» **PROBLEM TO WORK ON**: From the listing below, output the lines between the one with "写真は、4〜6年生も、身近な" and the one with "入学式で、1年の担任の先生を", including those two, and nothing else. Pictures are not copied.

» **GIVEN DATA**:
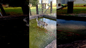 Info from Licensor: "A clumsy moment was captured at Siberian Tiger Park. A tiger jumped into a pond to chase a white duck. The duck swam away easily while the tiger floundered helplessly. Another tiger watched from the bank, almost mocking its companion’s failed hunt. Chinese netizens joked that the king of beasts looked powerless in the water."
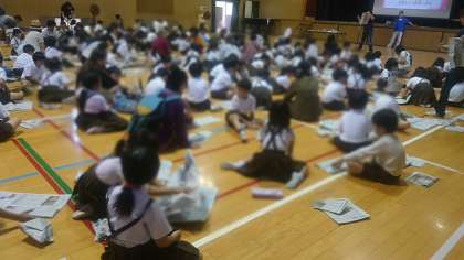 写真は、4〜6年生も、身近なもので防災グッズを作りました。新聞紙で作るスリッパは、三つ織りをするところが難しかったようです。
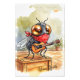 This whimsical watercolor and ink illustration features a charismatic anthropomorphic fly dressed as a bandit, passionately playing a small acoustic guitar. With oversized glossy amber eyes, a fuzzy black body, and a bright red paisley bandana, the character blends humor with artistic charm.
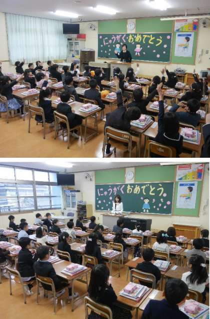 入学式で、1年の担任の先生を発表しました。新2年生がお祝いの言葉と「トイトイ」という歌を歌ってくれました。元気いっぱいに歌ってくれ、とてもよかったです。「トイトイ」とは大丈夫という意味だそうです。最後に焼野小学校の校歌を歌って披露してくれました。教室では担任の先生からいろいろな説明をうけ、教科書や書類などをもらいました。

* * *

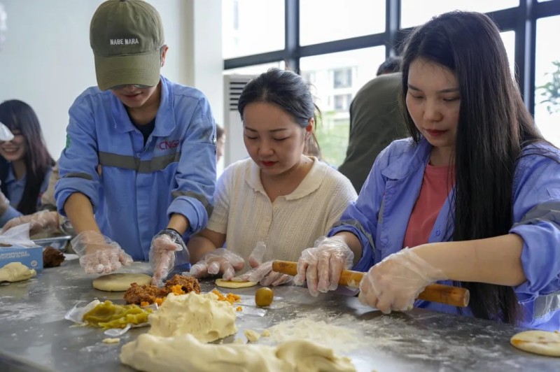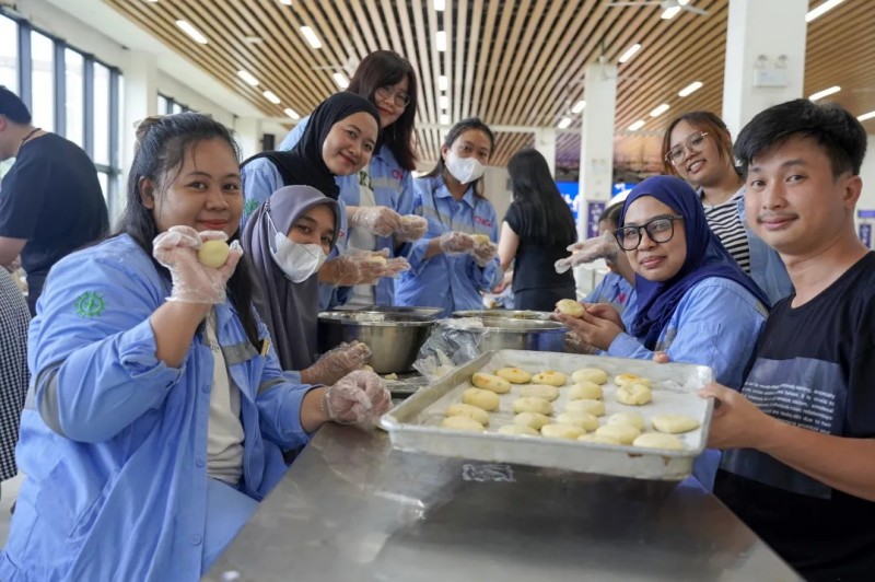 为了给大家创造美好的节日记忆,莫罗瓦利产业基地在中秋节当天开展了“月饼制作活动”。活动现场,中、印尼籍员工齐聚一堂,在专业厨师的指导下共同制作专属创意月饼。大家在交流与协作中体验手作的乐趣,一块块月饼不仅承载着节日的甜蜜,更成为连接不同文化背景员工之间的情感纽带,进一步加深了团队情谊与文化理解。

» **TASK SOLUTION**:
 写真は、4〜6年生も、身近なもので防災グッズを作りました。新聞紙で作るスリッパは、三つ織りをするところが難しかったようです。
 This whimsical watercolor and ink illustration features a charismatic anthropomorphic fly dressed as a bandit, passionately playing a small acoustic guitar. With oversized glossy amber eyes, a fuzzy black body, and a bright red paisley bandana, the character blends humor with artistic charm.
 入学式で、1年の担任の先生を発表しました。新2年生がお祝いの言葉と「トイトイ」という歌を歌ってくれました。元気いっぱいに歌ってくれ、とてもよかったです。「トイトイ」とは大丈夫という意味だそうです。最後に焼野小学校の校歌を歌って披露してくれました。教室では担任の先生からいろいろな説明をうけ、教科書や書類などをもらいました。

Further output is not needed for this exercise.